To Live And Die In Tijuana Part 3/3

"Mica/DrivingMSSQL" for Borderlandbeat.com.
This the Part 3 of 3 from WAPO, "To Live and Die in Tijuana"
Part 1 and Part 2 are here; enjoy!

Chapter 3 | The Federal Agents


The drugs arrived in a garage in an upscale Tijuana
neighborhood, blocks of crystal meth wrapped in plastic in the bed of a pickup truck, kitchen containers of fentanyl in the back seat.



“Where does this stuff go?” asked one of

the movers, clutching a tower of plastic containers with “fentanyl” scrawled in black marker on the side.

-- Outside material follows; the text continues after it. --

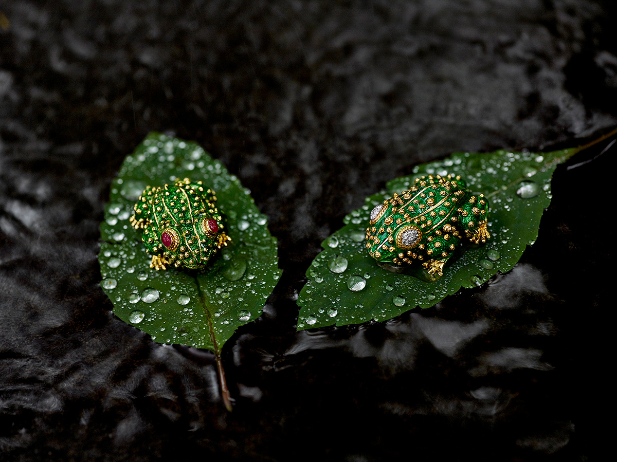Kalina's lens isn't just for the birds — his versatile portfolio sparkles with commissions from big brands. To capture the stunning jewelry of David Webb, Noah took a “Walk in the Woods,†the title of his series featuring blingy trinkets sparkling against a lush green forest. And in the final photo below, we see a gallery shot from his 2021 show “The River.â€

He was an agent from the Mexican attorney general’s office, responsible for seizing and holding drugs.

He took a deep breath. The smell from inside the garage was overpowering — enough to knock out a first-timer. It was already full of thousands of pounds of fentanyl, meth, marijuana and heroin.

“Oof,” he grunted.



But there was a more immediate problem for the movers. There was barely any room for the newest load.

The drugs arrive there almost every day from the clandestine laboratories and stash houses that now pepper Tijuana. Others were manufactured farther south, in the state of Sinaloa, and were moved through the city on their way to the border.

The government’s garage of seized narcotics, federal authorities say, is proof of their efforts to stop the flow of drugs and secure evidence for ongoing trials. It fills so quickly that once a month, to make more room, they take thousands of pounds of drugs to a desolate military outpost and set them on fire.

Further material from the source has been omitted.